• **Exercise description**:
Output the run of lines that opens with the first line of the material below and closes with the line containing "Ban tổ chức", both included, and drop the pictures.

• **Dataset section**:
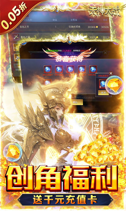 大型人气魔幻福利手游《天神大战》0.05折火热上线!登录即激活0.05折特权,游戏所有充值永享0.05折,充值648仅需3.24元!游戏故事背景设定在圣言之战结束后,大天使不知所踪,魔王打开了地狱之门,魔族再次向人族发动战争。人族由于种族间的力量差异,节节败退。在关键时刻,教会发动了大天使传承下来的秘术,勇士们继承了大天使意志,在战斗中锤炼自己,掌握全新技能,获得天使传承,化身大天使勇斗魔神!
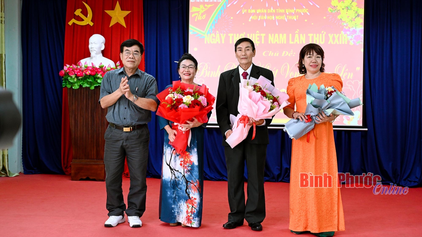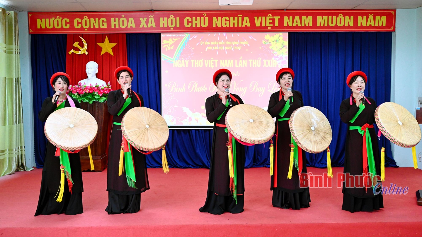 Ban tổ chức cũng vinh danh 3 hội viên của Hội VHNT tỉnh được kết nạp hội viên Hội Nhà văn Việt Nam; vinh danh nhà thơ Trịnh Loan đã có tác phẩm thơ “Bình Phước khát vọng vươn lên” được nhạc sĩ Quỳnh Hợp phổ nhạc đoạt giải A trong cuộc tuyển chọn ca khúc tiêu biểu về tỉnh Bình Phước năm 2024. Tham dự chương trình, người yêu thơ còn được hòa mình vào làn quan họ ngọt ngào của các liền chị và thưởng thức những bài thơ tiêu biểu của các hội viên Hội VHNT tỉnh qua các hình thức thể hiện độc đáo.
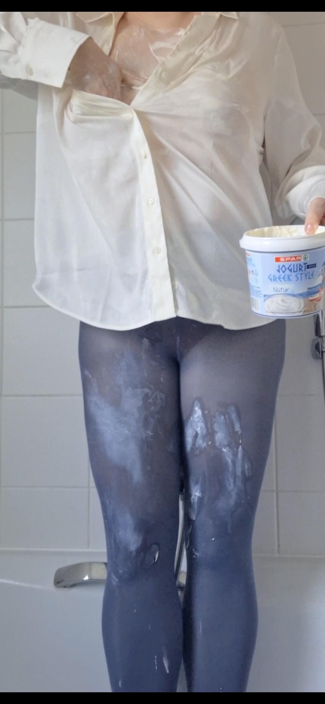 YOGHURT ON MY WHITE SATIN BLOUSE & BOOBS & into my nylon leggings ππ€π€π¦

• **Output for this exercise**:
 大型人气魔幻福利手游《天神大战》0.05折火热上线!登录即激活0.05折特权,游戏所有充值永享0.05折,充值648仅需3.24元!游戏故事背景设定在圣言之战结束后,大天使不知所踪,魔王打开了地狱之门,魔族再次向人族发动战争。人族由于种族间的力量差异,节节败退。在关键时刻,教会发动了大天使传承下来的秘术,勇士们继承了大天使意志,在战斗中锤炼自己,掌握全新技能,获得天使传承,化身大天使勇斗魔神!
 Ban tổ chức cũng vinh danh 3 hội viên của Hội VHNT tỉnh được kết nạp hội viên Hội Nhà văn Việt Nam; vinh danh nhà thơ Trịnh Loan đã có tác phẩm thơ “Bình Phước khát vọng vươn lên” được nhạc sĩ Quỳnh Hợp phổ nhạc đoạt giải A trong cuộc tuyển chọn ca khúc tiêu biểu về tỉnh Bình Phước năm 2024. Tham dự chương trình, người yêu thơ còn được hòa mình vào làn quan họ ngọt ngào của các liền chị và thưởng thức những bài thơ tiêu biểu của các hội viên Hội VHNT tỉnh qua các hình thức thể hiện độc đáo.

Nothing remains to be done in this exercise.